Exercise goal
Repeat exactly the lines below that lie between the line with "とこしえ高畠の玄関ではクリス" and the line with "Recovery expression: find(/nameofhost/snmptrap['Switch", counting both of those lines as part of the answer.

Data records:
____

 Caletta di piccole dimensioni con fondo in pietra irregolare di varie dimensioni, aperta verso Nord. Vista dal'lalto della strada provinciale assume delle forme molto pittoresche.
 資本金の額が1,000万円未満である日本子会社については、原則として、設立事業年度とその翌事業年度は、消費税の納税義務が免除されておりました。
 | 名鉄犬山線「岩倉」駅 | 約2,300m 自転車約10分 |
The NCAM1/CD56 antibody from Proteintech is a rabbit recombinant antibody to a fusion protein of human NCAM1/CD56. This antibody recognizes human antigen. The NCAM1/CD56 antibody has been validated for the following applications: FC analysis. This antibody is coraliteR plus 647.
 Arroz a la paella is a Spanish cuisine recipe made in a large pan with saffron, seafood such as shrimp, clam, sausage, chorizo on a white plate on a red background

____

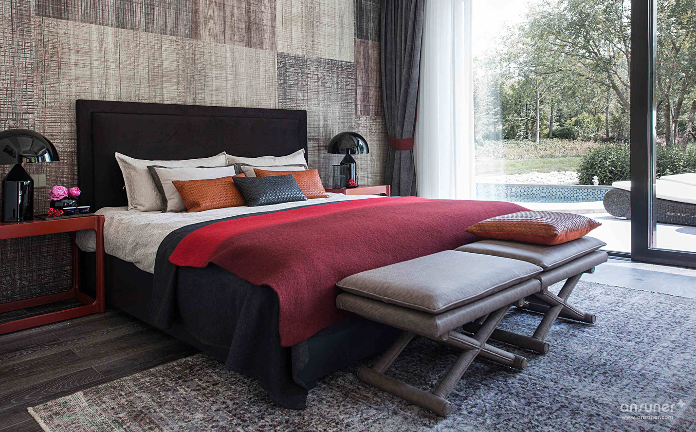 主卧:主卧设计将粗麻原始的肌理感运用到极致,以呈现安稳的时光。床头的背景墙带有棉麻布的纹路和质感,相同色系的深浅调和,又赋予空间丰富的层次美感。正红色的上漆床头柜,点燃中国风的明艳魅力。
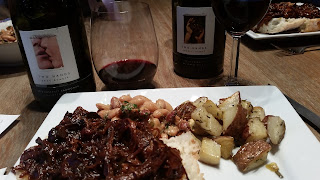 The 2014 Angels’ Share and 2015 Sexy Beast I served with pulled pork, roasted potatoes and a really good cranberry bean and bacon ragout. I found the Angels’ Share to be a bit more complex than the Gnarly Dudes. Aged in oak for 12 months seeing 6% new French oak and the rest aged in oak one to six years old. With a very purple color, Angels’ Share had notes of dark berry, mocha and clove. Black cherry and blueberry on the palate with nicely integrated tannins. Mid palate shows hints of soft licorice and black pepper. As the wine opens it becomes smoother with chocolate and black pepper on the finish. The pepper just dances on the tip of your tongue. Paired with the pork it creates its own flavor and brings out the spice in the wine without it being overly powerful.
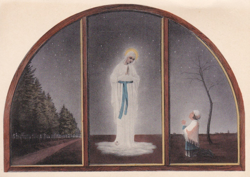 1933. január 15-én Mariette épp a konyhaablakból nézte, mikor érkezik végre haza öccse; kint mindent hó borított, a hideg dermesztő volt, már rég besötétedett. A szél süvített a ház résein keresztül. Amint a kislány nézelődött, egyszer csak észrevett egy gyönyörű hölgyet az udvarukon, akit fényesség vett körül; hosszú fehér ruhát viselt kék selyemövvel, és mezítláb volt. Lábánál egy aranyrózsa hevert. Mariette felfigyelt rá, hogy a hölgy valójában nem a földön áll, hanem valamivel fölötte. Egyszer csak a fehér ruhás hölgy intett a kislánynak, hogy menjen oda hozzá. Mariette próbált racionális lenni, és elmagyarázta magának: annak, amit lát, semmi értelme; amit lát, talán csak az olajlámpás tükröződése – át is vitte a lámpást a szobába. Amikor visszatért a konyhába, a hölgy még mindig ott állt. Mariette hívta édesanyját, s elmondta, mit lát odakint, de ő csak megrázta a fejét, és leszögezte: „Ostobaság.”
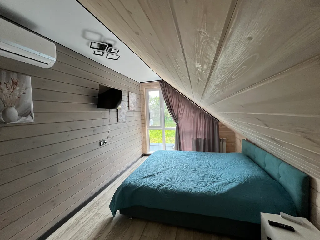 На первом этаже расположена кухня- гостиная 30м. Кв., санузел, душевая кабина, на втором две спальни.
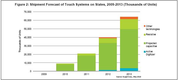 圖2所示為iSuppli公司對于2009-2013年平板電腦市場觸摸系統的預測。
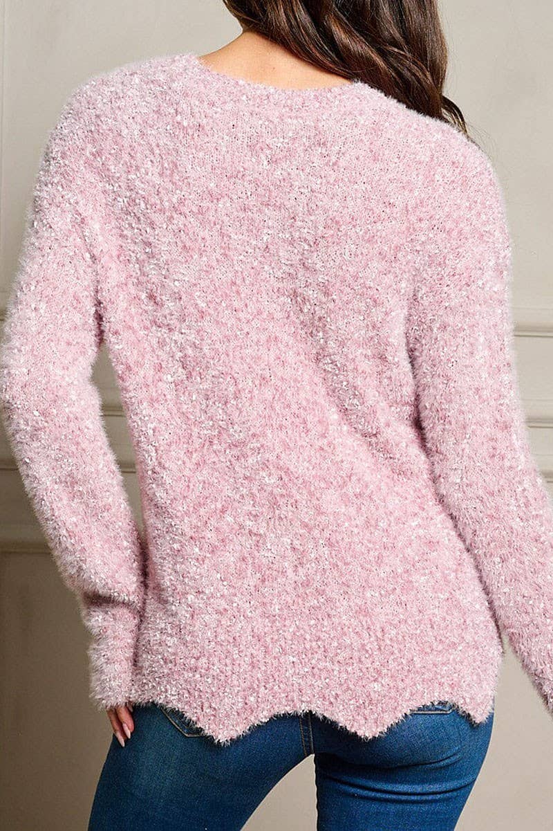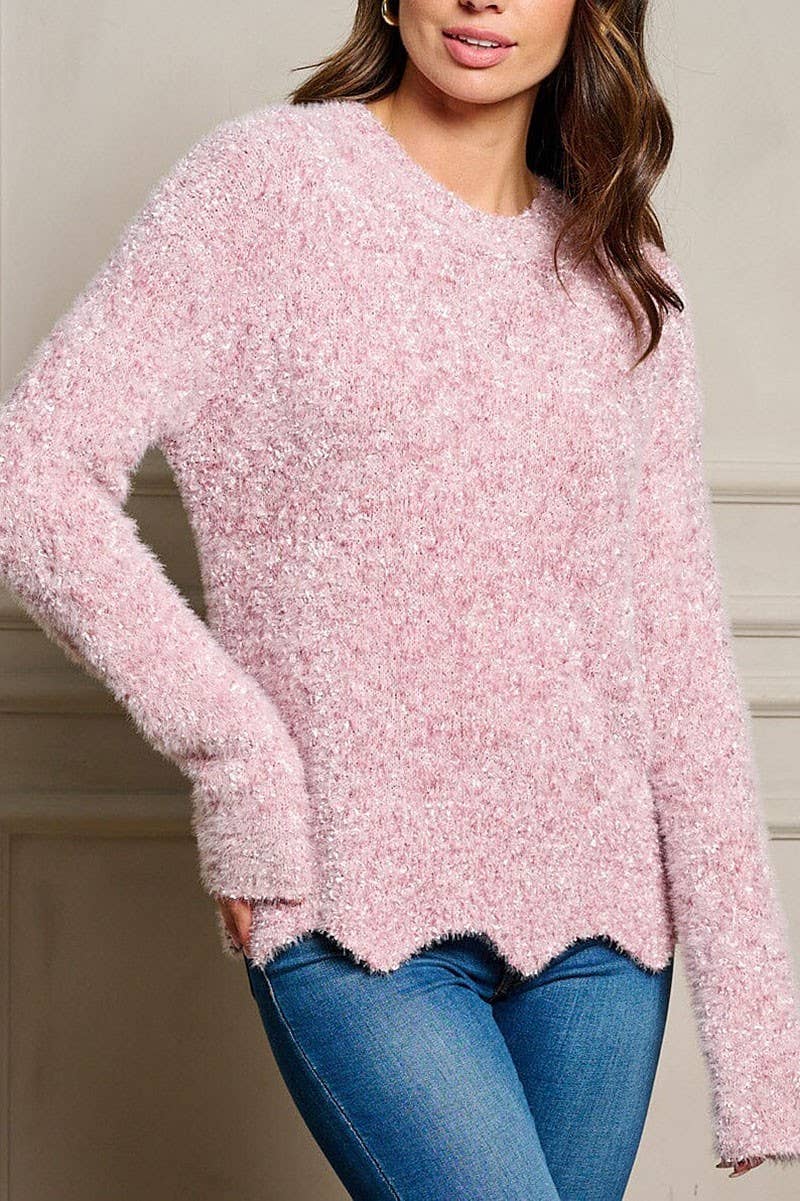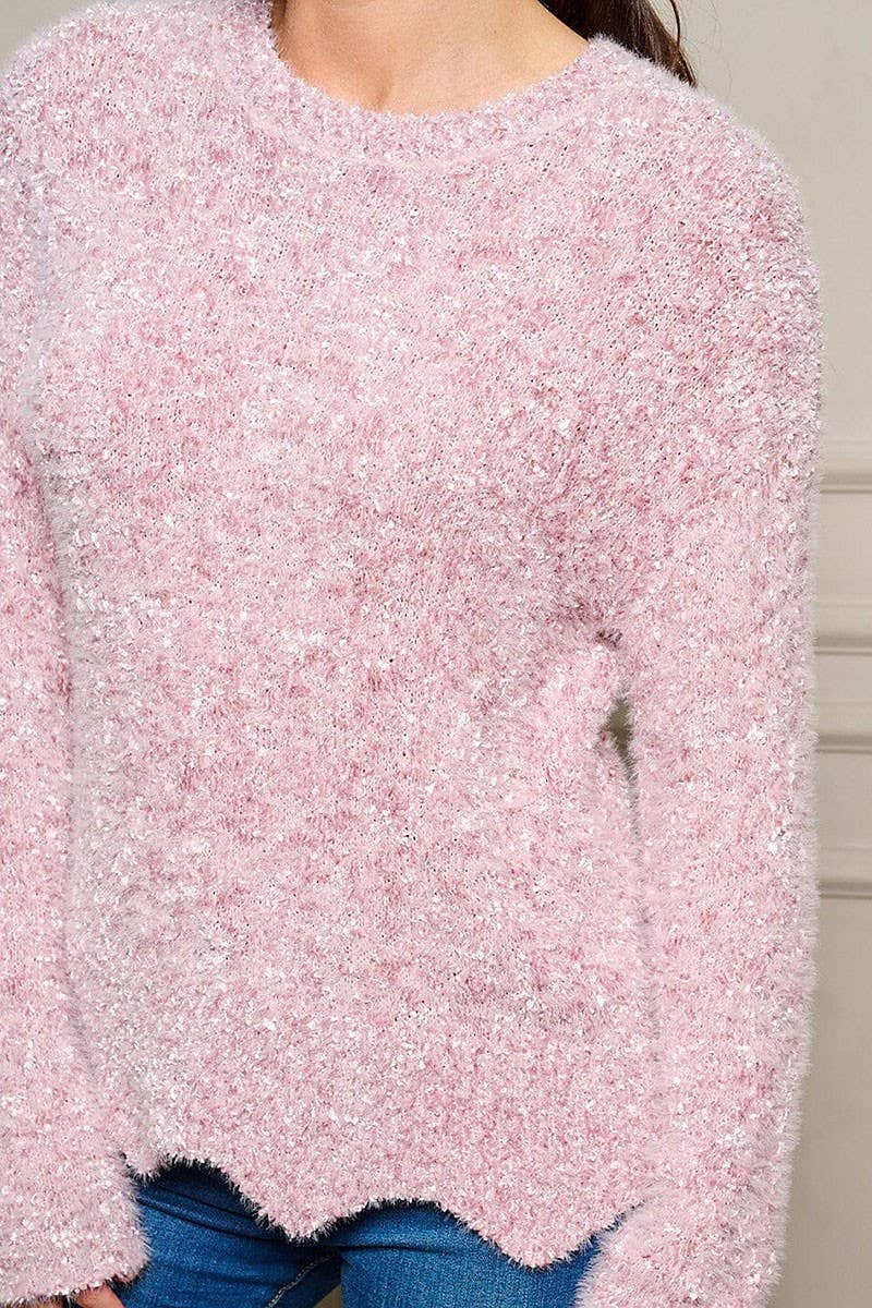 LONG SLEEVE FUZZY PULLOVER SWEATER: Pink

____

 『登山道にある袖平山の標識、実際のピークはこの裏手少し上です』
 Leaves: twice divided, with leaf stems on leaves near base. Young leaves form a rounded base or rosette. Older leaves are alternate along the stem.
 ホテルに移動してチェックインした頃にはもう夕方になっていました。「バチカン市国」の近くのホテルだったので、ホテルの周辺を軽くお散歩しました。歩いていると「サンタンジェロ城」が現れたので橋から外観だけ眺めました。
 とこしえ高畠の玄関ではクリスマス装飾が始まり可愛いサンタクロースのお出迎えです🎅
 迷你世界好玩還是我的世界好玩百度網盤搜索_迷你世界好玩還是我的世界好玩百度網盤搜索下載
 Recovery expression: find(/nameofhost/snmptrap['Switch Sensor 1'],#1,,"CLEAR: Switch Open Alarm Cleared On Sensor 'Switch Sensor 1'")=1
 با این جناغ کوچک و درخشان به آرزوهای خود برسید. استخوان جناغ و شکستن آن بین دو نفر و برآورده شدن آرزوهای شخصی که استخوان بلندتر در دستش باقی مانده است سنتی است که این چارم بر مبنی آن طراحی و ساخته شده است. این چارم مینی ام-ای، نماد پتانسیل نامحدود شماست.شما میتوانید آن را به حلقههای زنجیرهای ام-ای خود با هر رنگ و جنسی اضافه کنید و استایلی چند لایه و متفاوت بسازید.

____

Problem solution
 とこしえ高畠の玄関ではクリスマス装飾が始まり可愛いサンタクロースのお出迎えです🎅
 迷你世界好玩還是我的世界好玩百度網盤搜索_迷你世界好玩還是我的世界好玩百度網盤搜索下載
 Recovery expression: find(/nameofhost/snmptrap['Switch Sensor 1'],#1,,"CLEAR: Switch Open Alarm Cleared On Sensor 'Switch Sensor 1'")=1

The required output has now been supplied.